Configuration Files¶
The configuration file determines the fitting procedure, spectral sampling and normalization strategies. It is a JSON file, a single dictionary that contains the following:
reference_windows: A list of lists, where each sublist has two elements corresponding to the beginning and end wavelength of a reference interval used for normalization. We recommend specifying intervals that exclude very deep, opaque atmospheric absorption features.
output_model_file: The path to the output location where surfmodel.py writes its fitting result.

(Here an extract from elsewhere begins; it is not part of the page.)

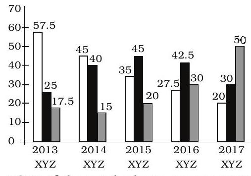 Directions : The following bar graph shows the percentage of jobs available in the countries $X, Y$ and $Z$ in different years. Study the bar graph and answer the questions given below.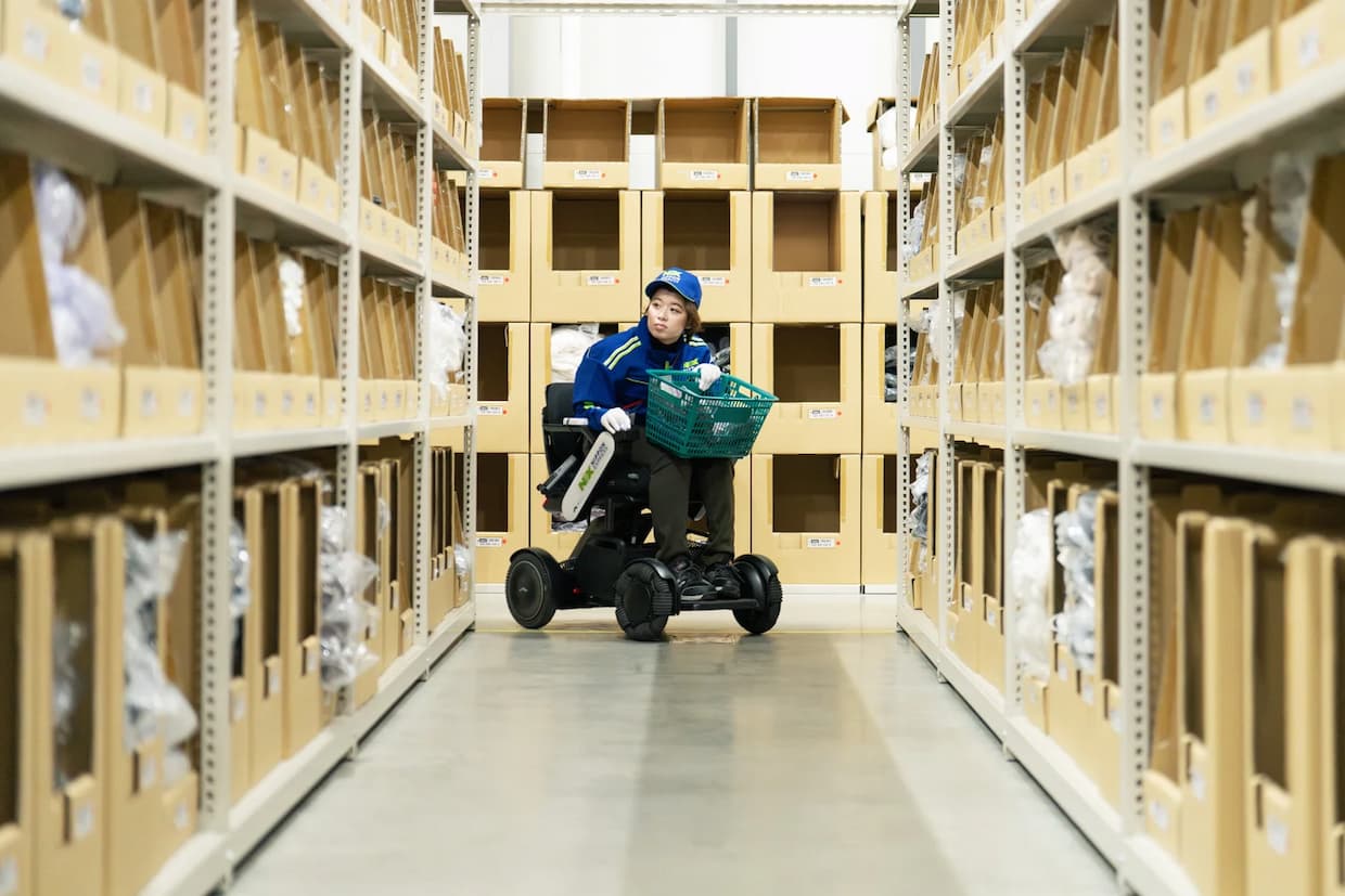 ▲倉庫内で電動モビリティ「WHILL」を活用してる様子(出所:WHILL)

The format is given in the next chapter; by convention it is a MATLAB-format file suffixed with “.mat”
normalize : Normalization strategy, one of “Euclidean”, “RMS”, or “None”. Unless “None”, reflectance model components will be normalized. At runtime, ISOFIT will normalize its current reflectance estimate prior to selecting a component, and then rescale the component to the appropriate magnitude to form the prior. Normalized models do not constrain the magnitudes of surface reflectances, but just the shape. Only the wavelength intervals specified by “reference_windows” (below) contribute to the normalization. In theory, this normalization decision would not have to made in the model creation step, but could be handled entriely within ISOFIT.
wavelength_file: File specifying output wavelengths to which reflectances are resampled. A three column space-delimited ASCII file, with columns containing channel number, channel center wavelength in microns, and Full Width at Half Maximum (FWHM) of the Gaussian spectral response function in microns, respectively. Currently, surfmodel.py ignores the FWHM column and performs linear interpolation. to resample the library data to the output center wavelengths.
sources: A list of dictionaries, one per source library used in the fitting. surfmodel.py fits each library is separately, and appends those components to the general collection. The dictionary for each component contains:
input_spectrum_files: The path to a dataset of reflectance spectra, given as a binary matrix of four-byte floating point numbers in Band Interleaved by Pixel format. The dimensions and wavelengths of the input data are specified by a detached human-readable ASCII header in ENVI format. The header file name is the same as the dataset, but with the suffix “.hdr” appended. The header must also contain wavelength information for each reflectance spectrum; the spectra will be interpolated linearly to the output wavelength grid given by the “wavelength_file” option.
n_components: The number of components used to fit the library spectra.
windows:A list of dictionaries, where each dictionary specifies fitting parameters for a different wavelength interval. Breaking the spectral range into intervals allows surfmodel.py to control and modify the fitting strategy independently for each range. This is useful for adjusting the degree of regularization, restricting the prior flexibility in the surface in areas of critical atmospehric information. The dictionary always contains three key-value pairs:
- interval: A two-element list of numbers, the beginning and end wavelengths of the range.
- regularizer: A regularization value added to the diagonal of the covariance matrix for this range. Values are in “variance of surface reflectance” units. For example, a value of 1e-6 corresponds to an extra regularization having a standard deviation of 0.1% in Lambertian surface reflectance values. Regularization promotes numerical stability and flexibility in the refelctance model.
- correlation: Either “EM” or “decorrelated.” If the former, off-diagonal elements are estimated directly from the data. If the latter, off-diagonal elements are set to zero.
Model Definition Files¶
The surface model is stored in MATLAB (‘.mat’) format, and contains the following fields:
- means: a 2D array of component means sized [(number of components) x (number of wavelengths)]
- covs: a 3D array of covariance matrices sized [(number of components) x (number of channels) x (number of channels)]
- wl: a vector of center wavelengths for each channel that should ideally match the instrument description;
- normalize: modifies the magnidude of the components to match the state vector, and can be either “None”, “Euclidean”, or “RMS”
- refwl: A vector of reference wavelengths used for the normalization and distance comparison. Careful selection of “refwl” ensures that spectra are not compared using (for example) the deep water absorption features or other low signal areas.